I'm freakin' baffled...
I was trying (again) to hone up my "practice" razor, sailing along fine (I've got so many hours in humping my hones that the muscle memory is set now) started again at 1k, banged up through to 8K... shave hairs off my arm no problem, TPT feels good and sticky, move up to the C12k, 60 or 80 laps, every lap perfect, feather light touch, light slurry diluted as I go, feels good, .... except now it won't shave hairs any more... ***!?!? This same routine worked wonders on the Torrey I restored last week, but just doest seem to work on this razor......
Any ideas what's going on? Could I be "over-honing"?
 
I'm freakin' baffled...
I was trying (again) to hone up my "practice" razor, sailing along fine (I've got so many hours in humping my hones that the muscle memory is set now) started again at 1k, banged up through to 8K... shave hairs off my arm no problem, TPT feels good and sticky, move up to the C12k, 60 or 80 laps, every lap perfect, feather light touch, light slurry diluted as I go, feels good, .... except now it won't shave hairs any more... ***!?!? This same routine worked wonders on the Torrey I restored last week, but just doest seem to work on this razor......
Any ideas what's going on? Could I be "over-honing"?

Normally I would have said the TPT would blunt the blade but you did it before you finished it, so no problem there. A C12K cuts too slow to really do much damage but it would depend on your razor (steel). Was this a wedge of sort?

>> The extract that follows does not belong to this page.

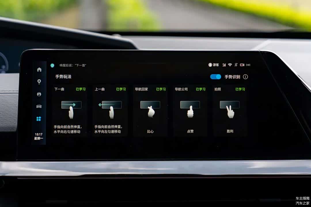 值得一提的是,UNI-V除了拥有常规的触屏操作外,还支持手势控制,默认提供5种手势动作识别,分别是“上一曲”、“下一曲”、“导航回家”、“导航公司”、“拍照”。不过从实际体验上来看,灵敏度不及上一次测试的宝马X3。

The only time I run into this is when I progress to quickly from bevel setter to mid/course hone to sharpening and polishing. Sometimes blades are finicky and if you move to the next hone you may have this problem. If you have a Norton 4/8 combo try a pyramid starting with 15 strokes instead of 25. It's worth a shot since you'll have to start over (sorry:cursing:).
 
Thanks for the reply Azmark,
No Nortons here, Japanese synthetic 1,4,8K and C12 K. No wedge, just a generic Solingen 5/8 full hollow.
She seemed to be really good until the 12k.
Since I've ever only honed one other blade sucesfully I'm no kind of expert, but it "felt" right before I moved up to the 12 k. BWTHDIK? I've spent so much time on this finicky blade that I'm sure the bevel is good (I probably didn't need the 1k) It seemed to feel pretty good on the 12k, but that stone doesn't seem to offer much feedback, but maybe that's typical at that grit. I figured I was safe to bang out 100 laps without creating a wire edge. And I didn't do even that many.
What confuses me is that at the 8k it was almost sharp enough to shave with, but 60/80 laps later it wasn't.
Does the pyramid really work? It seems so counter-intuitive: I've sanded enough wood in my life, I would never consider going back in grit to try to get a smoother finish. But maybe I'm trying to compare apples to oranges.
Worth a try; nothing to lose, except a little elbow grease.:biggrin1:
 
TPT will not dull a blade, if you do it properly.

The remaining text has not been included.